Data block
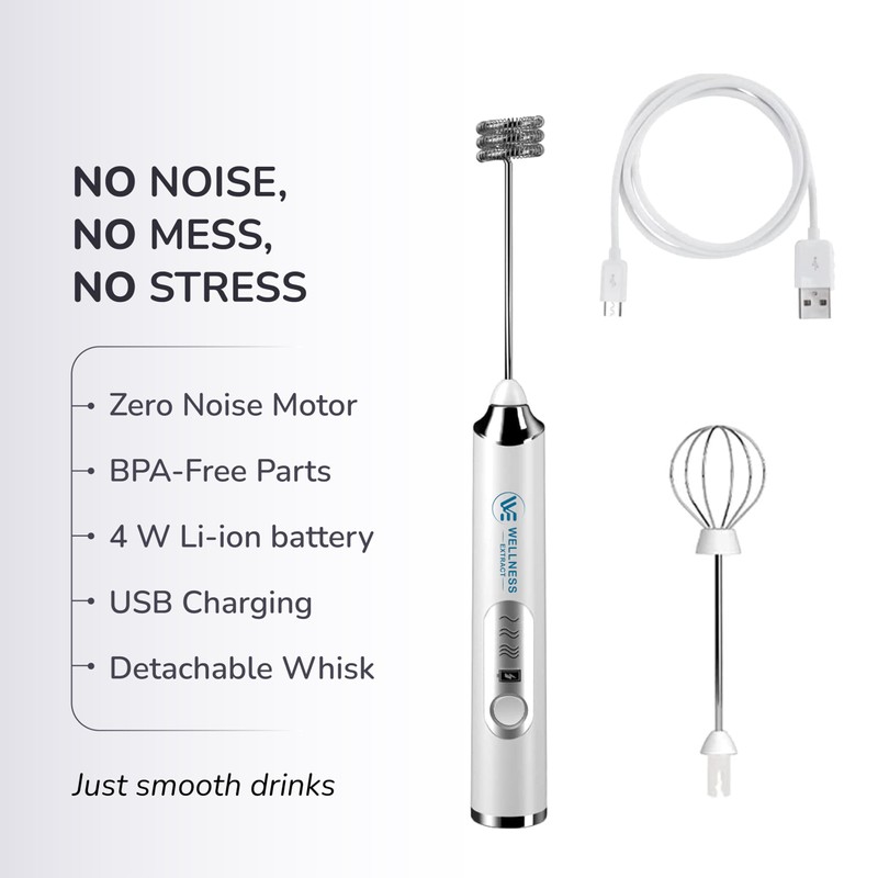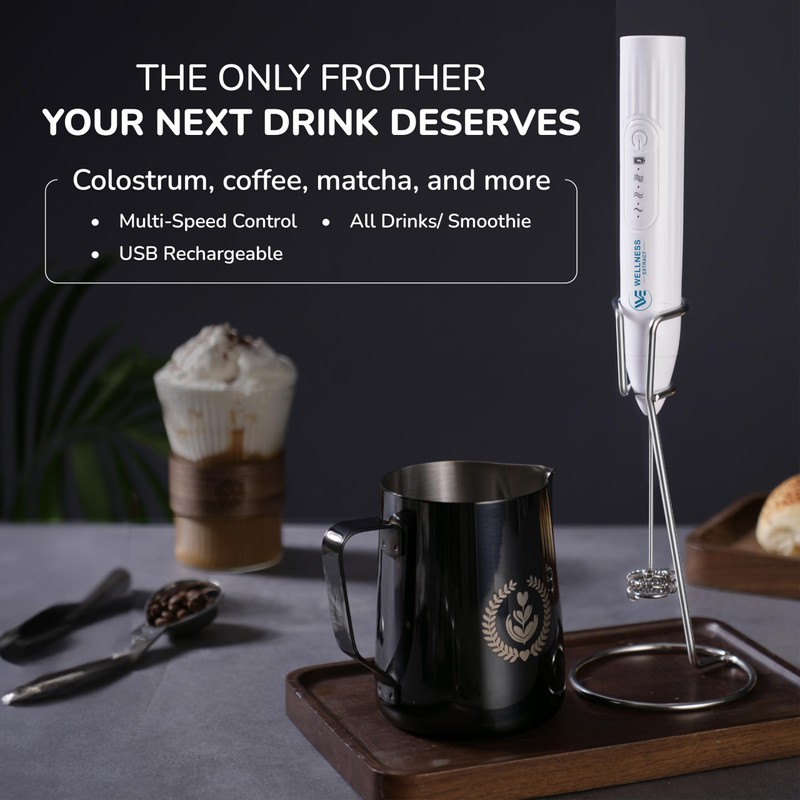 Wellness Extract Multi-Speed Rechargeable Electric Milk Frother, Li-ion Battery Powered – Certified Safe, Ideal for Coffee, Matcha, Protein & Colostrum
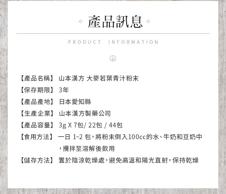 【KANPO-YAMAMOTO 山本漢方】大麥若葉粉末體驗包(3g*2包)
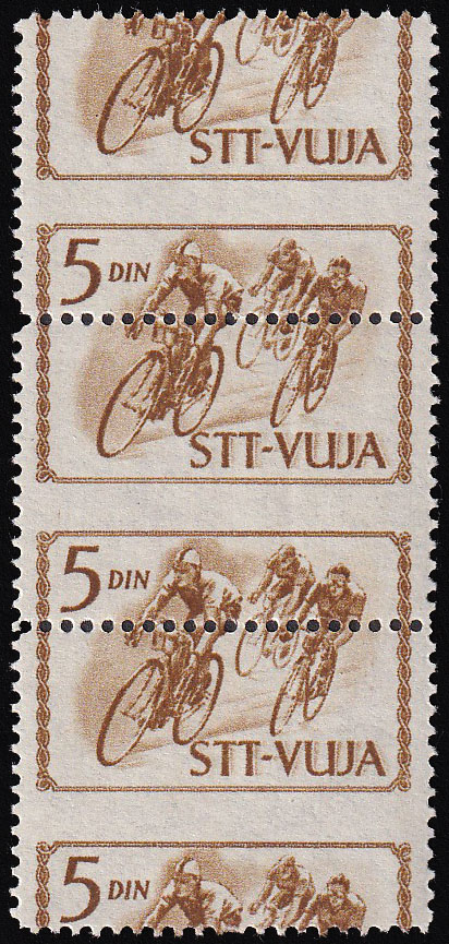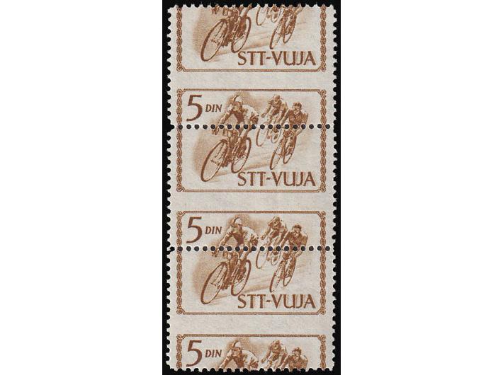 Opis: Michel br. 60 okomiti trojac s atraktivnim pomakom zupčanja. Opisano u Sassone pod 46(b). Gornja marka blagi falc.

Problem description
The whole listing above must be duplicated word for word, apart from its pictures.

Your solution
 Wellness Extract Multi-Speed Rechargeable Electric Milk Frother, Li-ion Battery Powered – Certified Safe, Ideal for Coffee, Matcha, Protein & Colostrum
 【KANPO-YAMAMOTO 山本漢方】大麥若葉粉末體驗包(3g*2包)
 Opis: Michel br. 60 okomiti trojac s atraktivnim pomakom zupčanja. Opisano u Sassone pod 46(b). Gornja marka blagi falc.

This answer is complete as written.